For purposes of the project, a total of 20 focus groups were conducted—four groups in each of five geographic regions of the United States—with the objective of exploring the views of healthcare consumers about their roles in determining how health IT is designed and used. The groups, according to the report’s authors, were designed to gather opinions from diverse sections of the U.S. population—for example, four of the focus groups were conducted in Spanish and two were held in rural, medically underserved areas.

The first hour of each focus group was spent educating the participants about health IT so that participants could knowledgeably discuss their role in influencing the design and use of health IT

The authors wrote that a large number of participants originally thought they did not have the expertise necessary to help determine how health IT was designed and used, and that it was “the domain of experts in medicine and computers.”

But, the issues of privacy and security were the main concerns of a large majority of the participants, and they felt they “owned their data and needed a role in ensuring those data were secure and used only in ways that they authorized.” They also had concerns about unauthorized persons getting access to their information and that the information could be used for purposes other than to provide care.
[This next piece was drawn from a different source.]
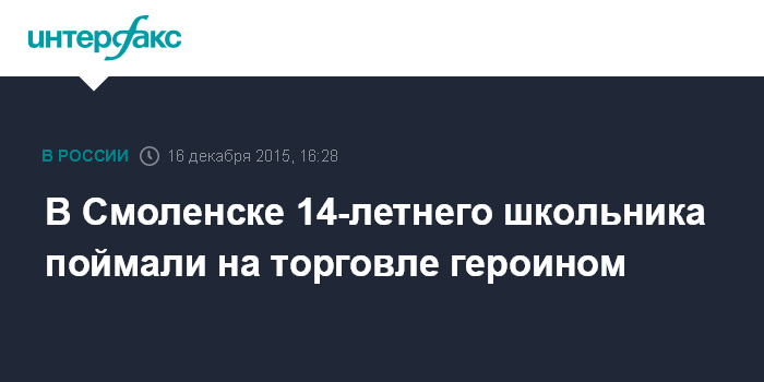 Москва. 16 декабря. INTERFAX.RU - Наркополицейские Смоленска задержали 14-летнего школьника, промышлявшего распространением героина, сообщает пресс служба регионального УФСКН.

The consumers felt that health insurers should not play a dominant role in health IT development, but were conflicted about the government’s role. As far as their own roles, while participants in the focus groups thought consumers should have a role, they were confused as to how that should happen.

While participants did not spontaneously mention that consumers could serve on hospital or other provider IT advisory boards, when moderators of the groups mentioned the idea the participants voiced support, according to the authors. They did not support the idea they should work with IT vendors to help design the technology, and also expressed the view that organizations such as the American Heart Association (AHA) or the AARP should not speak for them, reasoning these groups did not necessarily represent their interests.

The report concluded that there needs to be an effort to educate the public about health IT, and this effort should address how health IT will affect the experiences of all healthcare consumers and how consumers can have influence how IT is designed, developed and used.